Yatasi

Total population
- merged into the Caddo Nation

Regions with significant populations
- formerly Louisiana

Languages
- Natchitoches language, Caddo language, English

Religion
- Indigenous religion

Related ethnic groups
- Natchitoches peoples within the Caddo confederacy

= Yatasi =

Historical Native American tribe from Louisiana

The Yatasi (Caddo: Yáttasih) were Native American people from northwestern Louisiana and part of the Natchitoches Confederacy of the Caddo Nation. Today, they are enrolled in the Caddo Nation of Oklahoma.

==History==
Before European contact, the Yatasi lived in the area south of modern Shreveport.

=== 17th century ===
In 1686, French explorer Henry de Tonti visited Yatasi settlements on the Red River. He wrote about them in 1690. They welcomed the French expedition but did not provide him with guides. At the time, the Yatasi were at war the Kadohadacho.

=== 18th century ===
The Yatasi allied with French colonists in 1701. In the early 18th century, the Chickasaw tribe attacked the Yatasi and killed a great number of them. With their numbers reduced, they joined the Ouachita, Doustioni, and Natchitoches Indians at the Natchitoches trading depot. In 1712 to 1714, French-Canadian colonist Louis Juchereau de St. Denis offered the Yatasi protection against the Chickasaws.

During this time the Yatasi traded with the French, then later the Spanish. The Yatasi provided bear fat and bison and deer hides in exchange for cloth, blankets, metal tools and weapons, combs, glass beads, flint, ammunition, vermillion dye, mirrors, and copper.

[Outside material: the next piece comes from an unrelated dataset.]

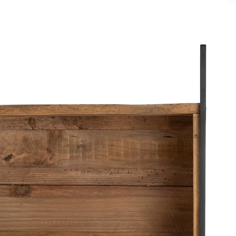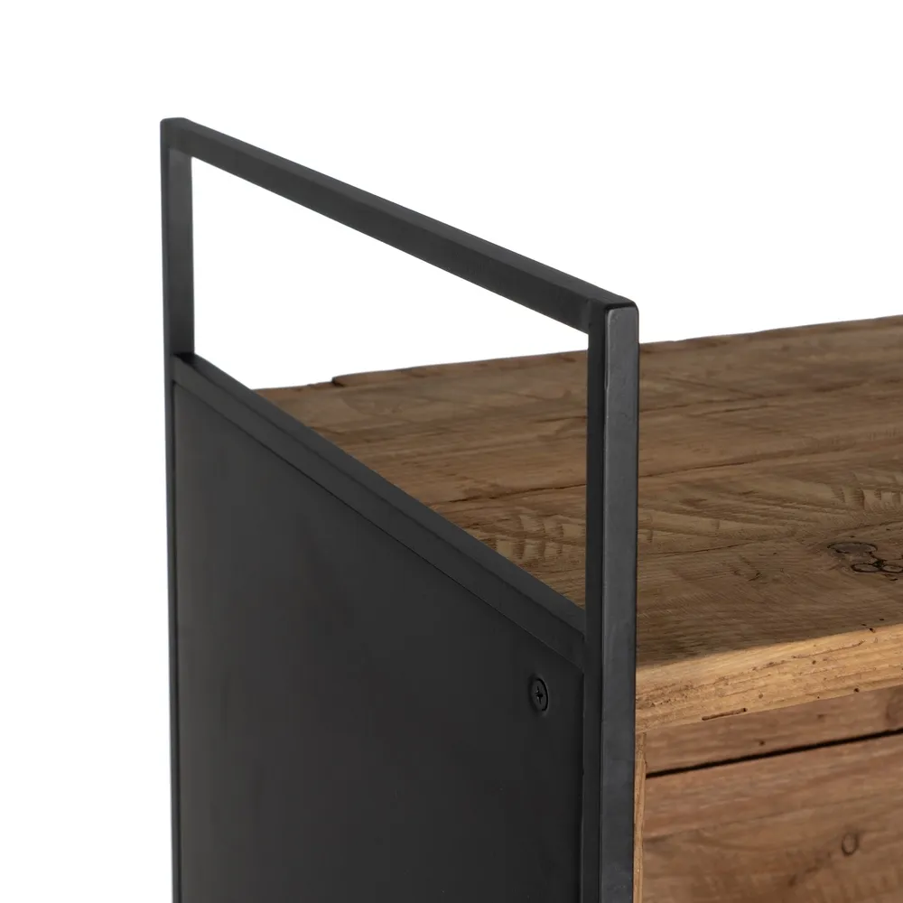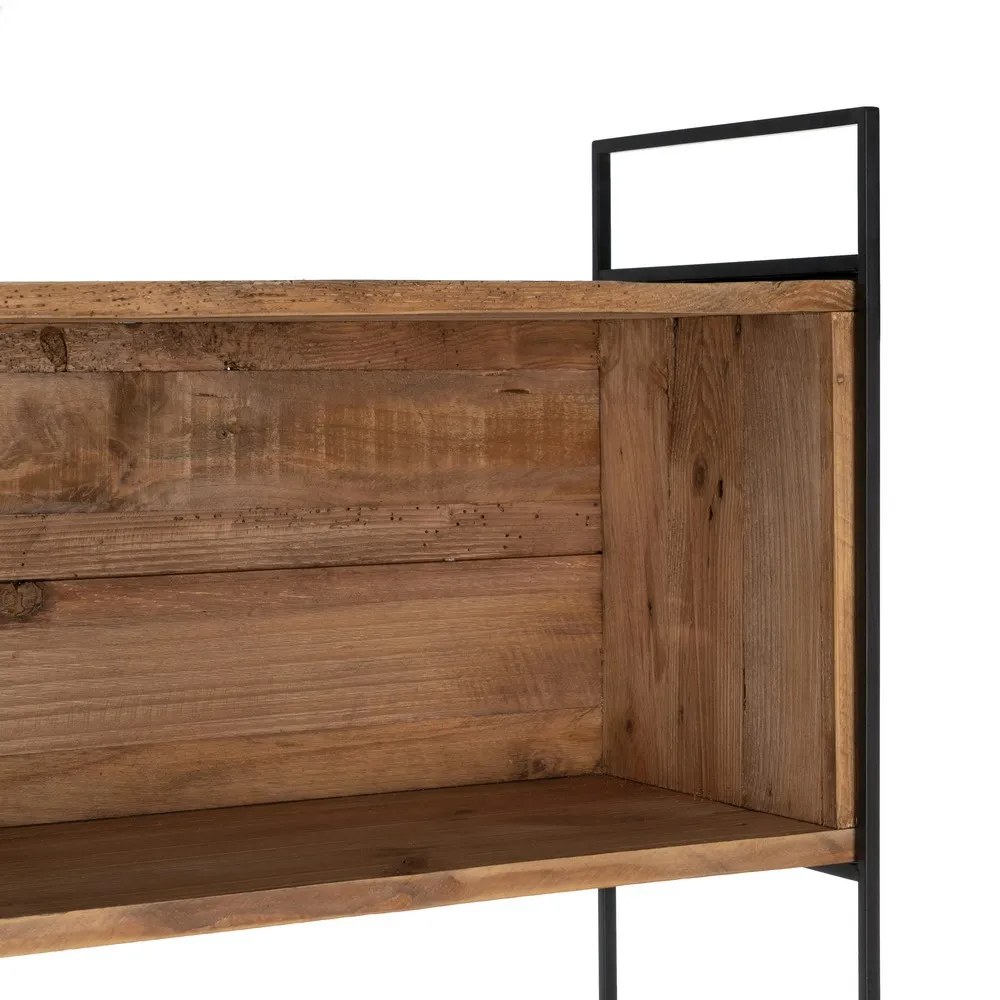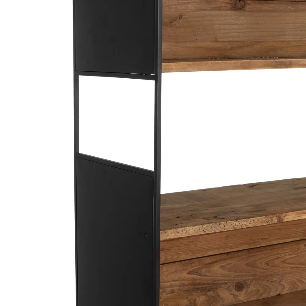 Biblioteca industrială cu rafturi din lemn de pin reciclat și metal, măsurând 91 cm lățime, 35 cm adâncime și 190 cm înălțime, este o piesă de mobilier elegantă și funcțională. Designerii spanioli de la Denzzo au creat un contrast vizual puternic între lemnul de pin reciclat și structura metalică neagră, subțire dar robustă. Cu sertare interioare de 86x31 cm și o distanță între ele de 32 cm, oferă spațiu generos pentru expunerea cărților și obiectelor decorative. Importată de CreativDeco, această bibliotecă combină stilul industrial cu sustenabilitatea, fiind perfectă pentru spații moderne care necesită soluții de depozitare cu caracter.

On 21 April 1770, French-born Indian agent of Spanish Louisiana, Athanase De Mézières y Clugny (c. 1715–1779) presented the Yatasi chief with a medal and presents from the King of Spain. That day the Kadohadacho and Yatasi both agreed to allow Spain proprietorship of their lands and promised not to supply the Comanche, Wichita, Tawakoni, and Kichai tribes with weapons or ammunition.

=== 19th century ===
Introduced diseases devasted the Yatasi, and by 1805, only 8 Yatasi men and 25 Yatasi women and children survived. After the United States took over control of Louisiana, Dr. John Sibley became the Indian agent who oversaw relations with the Yatasi and neighboring tribes. They continued participating in the fur trade, providing bear, deer, beaver, otter, and other furs. In 1826, only 26 Yatasi survived.

==Language==
The Yatasi spoke a Caddoan language and were culturally similar to surrounding groups such as the Adai. The Yatasi language is attested only in a nine-page vocabulary collected by Albert Gatschet in the 1880s and now archived at the National Anthropological Archives.

==Synonymy==
"Yáttasih" is a Kadohadacho term, meaning, "Those other people." They were also called the Yataché, Yattapo, Yattassees, Yattasces, Yattasees, Yattasie, Natasse, and Yatachés. Nada and Choye might be two additional Yatasi groups.